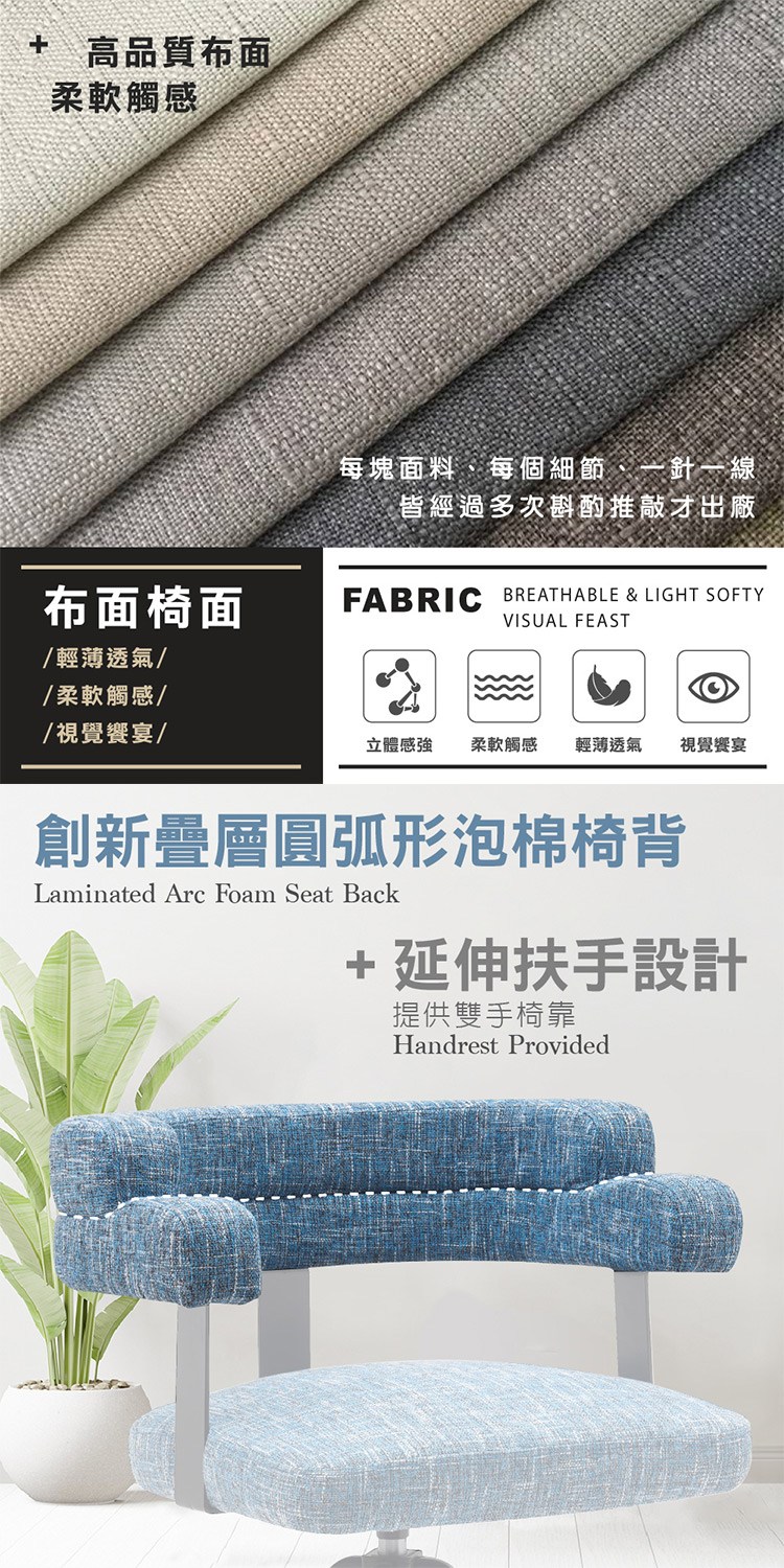 * 採創新疊層圓弧形泡棉椅背設計
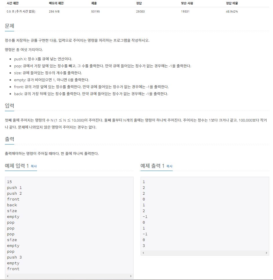 - back의 경우 queue에서는 딱히 구현하고 있는 메소드가 없다 어차피 꺼낼 값이 없으면 -1을 출력하기에 마지막으로 push 받은 num을 전역변수로 설정해서 가져다 출력하는 방법을 사용하였다.
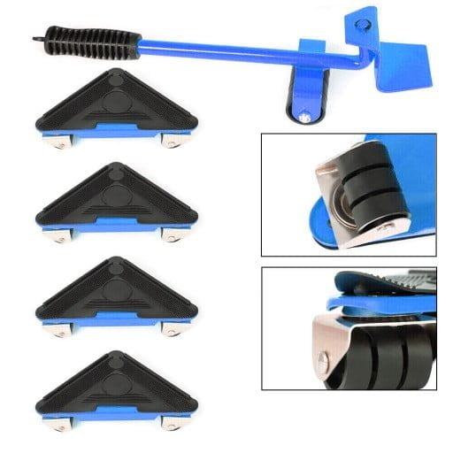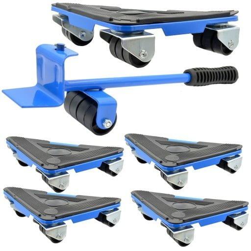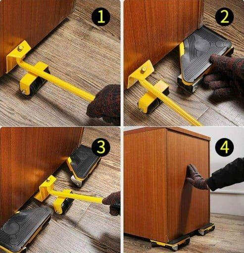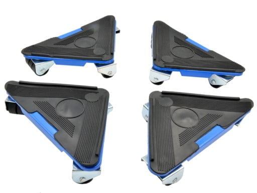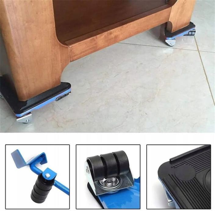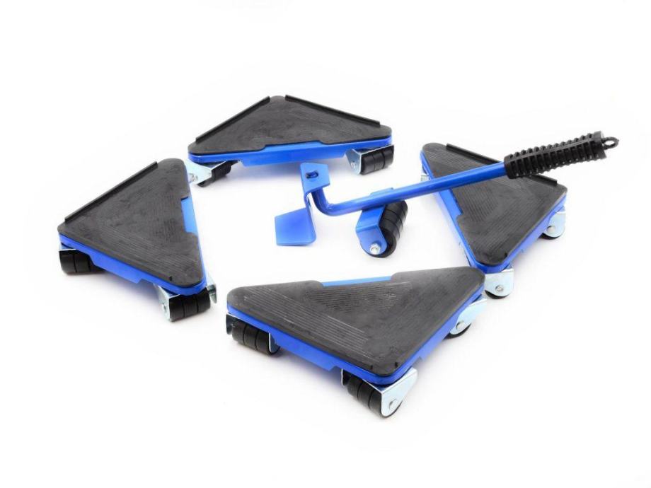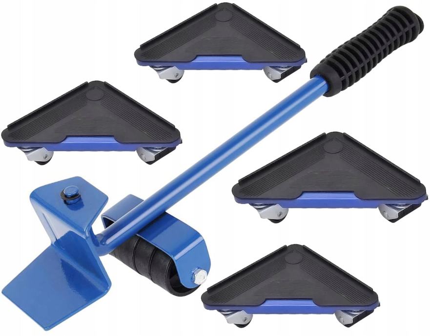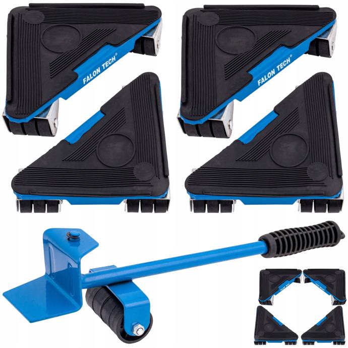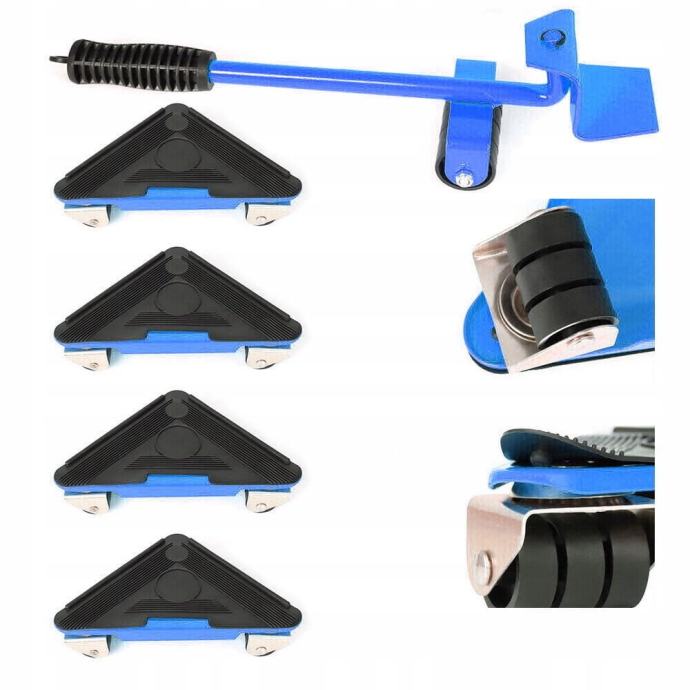 Transportna garnitura s 4 kolesi in ročko za dvig pohištva je idealna za udobno premikanje težkega pohištva in dvižna vrata. Kovinska stojala z valji, obložena z gumo, namenjena transportu in postavljanju pohištva ali drugih tovorov do teže 300 kg. Jeklena ročica se uporablja za dvig tovora pred vstavljanjem podstavkov.
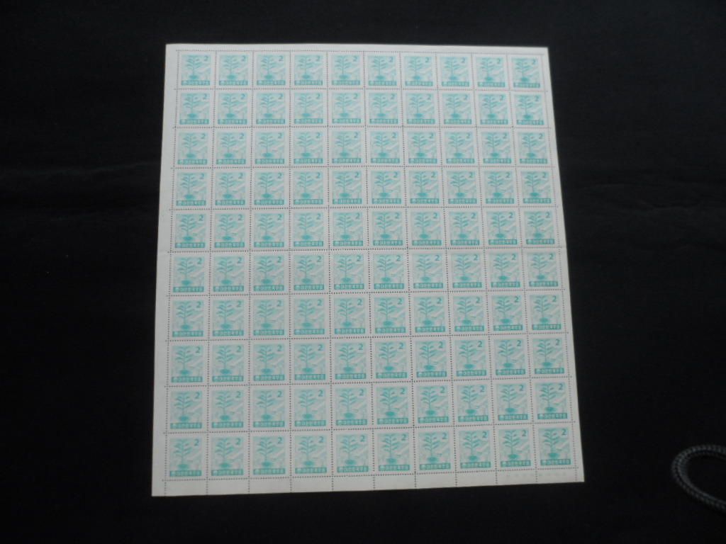 우정마크투문 용지 보통 2환 식목 우표 전지
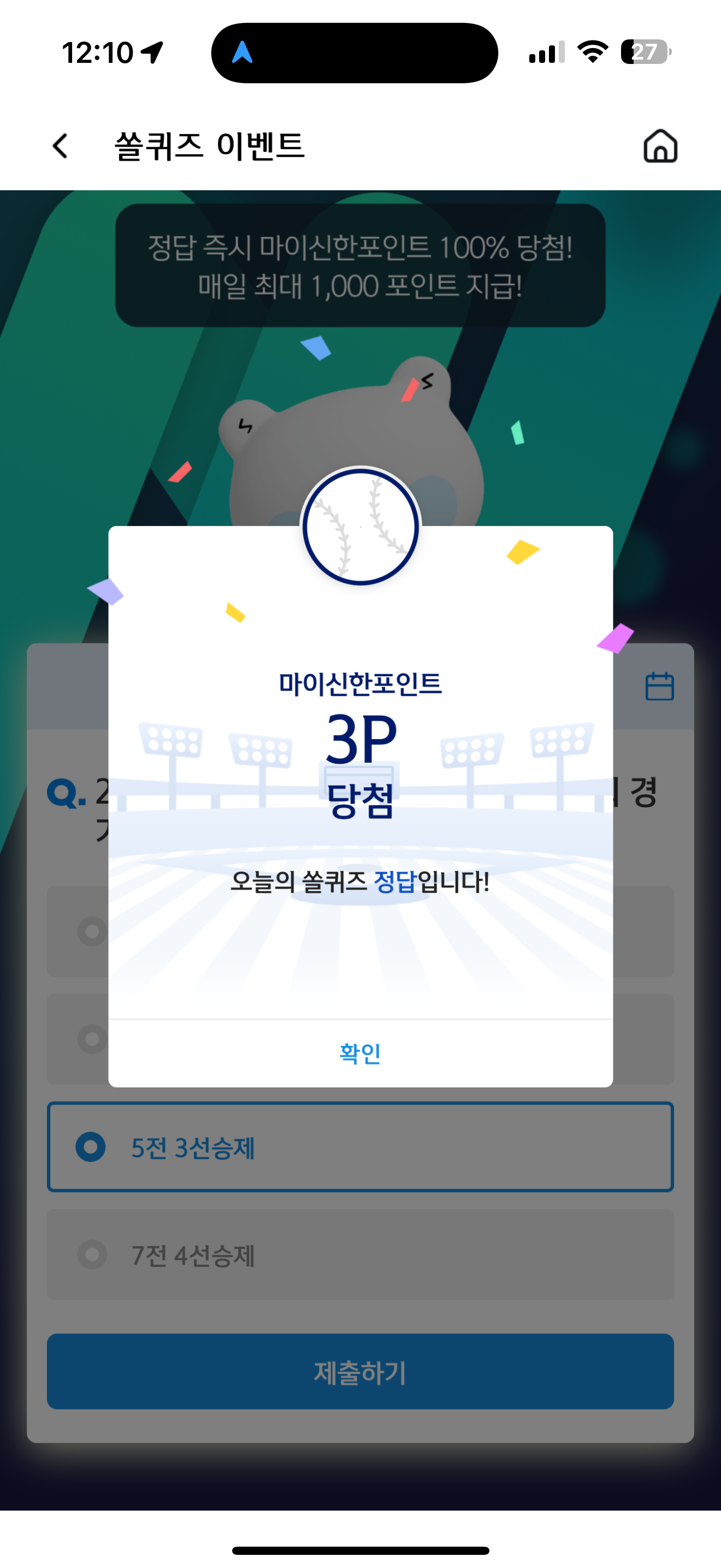 신한 슈퍼SOL 야구/상식 쏠퀴즈 정답은 5전 3선승제 입니다
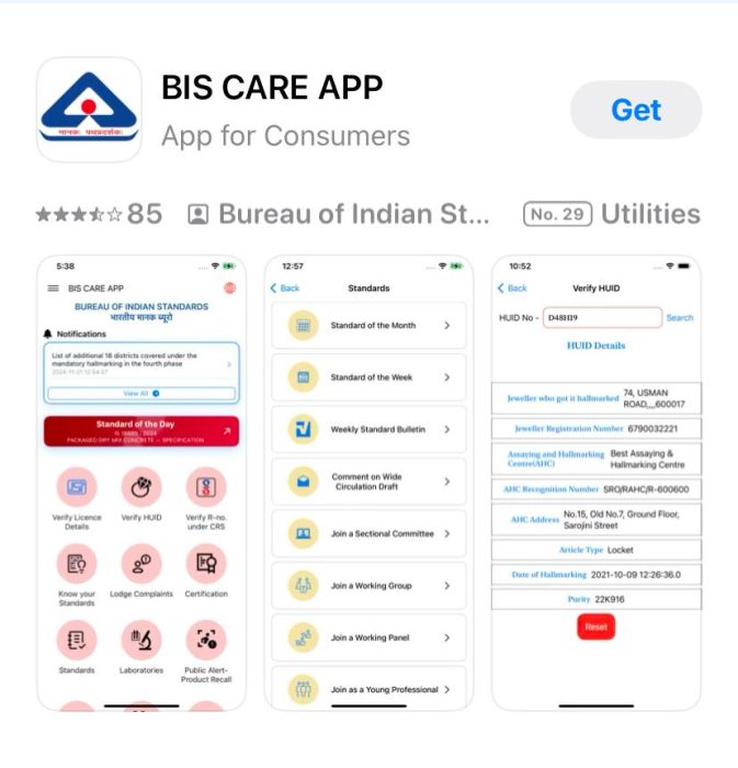 ભારતમાં વેચાતાં સોનાના દાગીના પર છ અંકોનો એક યુનિક કોડ હૉલમાર્ક યુનિક આઈડેંટિફિકેશન (HUD) જરૂર હોવું જોઈએ. આ કામ ભારત સરકારની સંસ્થા બ્યૂરો ઓફ ઈન્ડિયન સ્ટેંડર્ડ્સ (BIS) કરે છે. તે સોનાની તપાસ કરે છે અને પછી હૉલમાર્ક આપે છે. સવાલ એ છે કે આ અસલી હૉલમાર્કને કેવી રીતે ઓળખવો. તેના માટે BIS એ એપલ એપ સ્ટોર ( Apple App Store ) અને ગુગલ પ્લે સ્ટોર ( Google Play Store ) પર BIS CARE નામની એક એપ બનાવી છે. તેનો ઉપયોગ ખૂબ જ સરળ છે. દાગીના પર છપાયેલ HUID નંબર એપમાં નાંખવાથી તુરંત ખબર પડશે કે દાગીનો અસલી છે કે નકલી…

• TASK GOAL: Exactly the lines above from the one that contains "우정마크투문 용지 보통 2환 식목 우표 전지" down to the one that contains "신한 슈퍼SOL 야구/상식 쏠퀴즈 정답은 5전 3선승제 입니다" are to be output, both ends kept and pictures omitted.

• REPLY:
 우정마크투문 용지 보통 2환 식목 우표 전지
 신한 슈퍼SOL 야구/상식 쏠퀴즈 정답은 5전 3선승제 입니다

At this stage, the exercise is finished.